Так началась та страшная война, и у всех была тогда одна радость: как пишут, война будет короткая, окончится, может, даже до зимы.
Но вот наступила уж и зима, шли бесконечные наборы рекрутов, и запасных, и ратников за очередные годы, пришла весна, новое лето, а конца этому ужасу, казалось, не будет...
Людей стало меньше, девчата загрустили без парней и ярмарочного веселья, старики становились все более раздражительными и сдерживали себя через силу, словно в ожидании исповеди перед великим постом.
В хатах царили печаль, уныние.
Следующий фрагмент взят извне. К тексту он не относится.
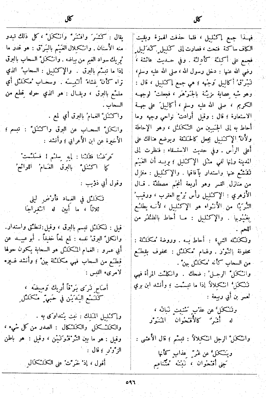 قِيلَ: تَكَلَّل تَبَسَّمَ بِالْبَرْقِ، وَقِيلَ: تنطَّق وَاسْتَدَارَ. وانكلَّ البرقُ نَفْسُهُ: لَمَعَ لَمَعًا خَفِيفًا. أَبو عُبَيْدٍ عَنْ أَبي عَمْرٍو: الْغَمَامُ المُكَلَّل هُوَ السَّحَابَةُ يَكُونُ حَوْلَهَا قِطَع مِنَ السَّحَابِ فَهِيَ مكَلَّلة بهنَّ؛ وأَنشد غَيْرُهُ لِامْرِئِ الْقَيْسِ:

Затянувшаяся, безнадежная война нависла над всеми, словно туча, под серым покровом которой недоставало давешнего солнышка, недоставало его веселых лучей.
Не могло помочь вынужденное благочестие дедов и бабок. В церкви было пусто на правой, мужской стороне и более чем грустно на левой, девичьей. Девушкам теперь и не хотелось туда ходить: что ни праздник, то все молебны; за здравие отправляют, а все чаще и чаще — панихиды. Девчата с удовольствием стали ходить в волость и на почту, где можно было хоть что-нибудь услышать о своих близких и знакомых.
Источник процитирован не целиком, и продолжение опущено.